** EXERCISE DATA follows **
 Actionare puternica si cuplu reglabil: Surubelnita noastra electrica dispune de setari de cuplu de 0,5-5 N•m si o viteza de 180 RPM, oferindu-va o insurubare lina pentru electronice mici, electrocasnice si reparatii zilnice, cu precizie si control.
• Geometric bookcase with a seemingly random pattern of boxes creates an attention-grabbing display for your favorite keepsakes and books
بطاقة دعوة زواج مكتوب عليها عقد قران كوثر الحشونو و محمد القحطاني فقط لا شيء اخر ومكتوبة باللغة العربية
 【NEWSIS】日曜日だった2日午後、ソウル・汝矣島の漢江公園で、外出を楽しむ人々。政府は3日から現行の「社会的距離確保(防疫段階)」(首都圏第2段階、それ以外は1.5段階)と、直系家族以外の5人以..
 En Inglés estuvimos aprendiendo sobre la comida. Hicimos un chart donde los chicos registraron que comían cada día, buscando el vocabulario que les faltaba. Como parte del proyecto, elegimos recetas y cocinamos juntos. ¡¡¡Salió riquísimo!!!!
** End of EXERCISE DATA **
** EXERCISE DATA follows **
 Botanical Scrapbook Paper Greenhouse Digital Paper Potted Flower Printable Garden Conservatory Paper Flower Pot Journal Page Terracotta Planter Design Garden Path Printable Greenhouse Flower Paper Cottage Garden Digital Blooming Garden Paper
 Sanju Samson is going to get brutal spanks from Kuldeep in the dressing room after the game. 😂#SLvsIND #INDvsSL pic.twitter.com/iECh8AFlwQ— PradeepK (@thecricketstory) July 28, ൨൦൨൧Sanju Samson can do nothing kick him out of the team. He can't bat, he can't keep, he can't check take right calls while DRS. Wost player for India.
** End of EXERCISE DATA **
EXERCISE INSTRUCTIONS →
Copy out only the lines of the records above from the one with "Botanical Scrapbook Paper" through the one with "Sanju Samson is", exactly as they stand, both included.

RESPONSE TO THIS EXERCISE →
 Botanical Scrapbook Paper Greenhouse Digital Paper Potted Flower Printable Garden Conservatory Paper Flower Pot Journal Page Terracotta Planter Design Garden Path Printable Greenhouse Flower Paper Cottage Garden Digital Blooming Garden Paper
 Sanju Samson is going to get brutal spanks from Kuldeep in the dressing room after the game. 😂#SLvsIND #INDvsSL pic.twitter.com/iECh8AFlwQ— PradeepK (@thecricketstory) July 28, ൨൦൨൧Sanju Samson can do nothing kick him out of the team. He can't bat, he can't keep, he can't check take right calls while DRS. Wost player for India.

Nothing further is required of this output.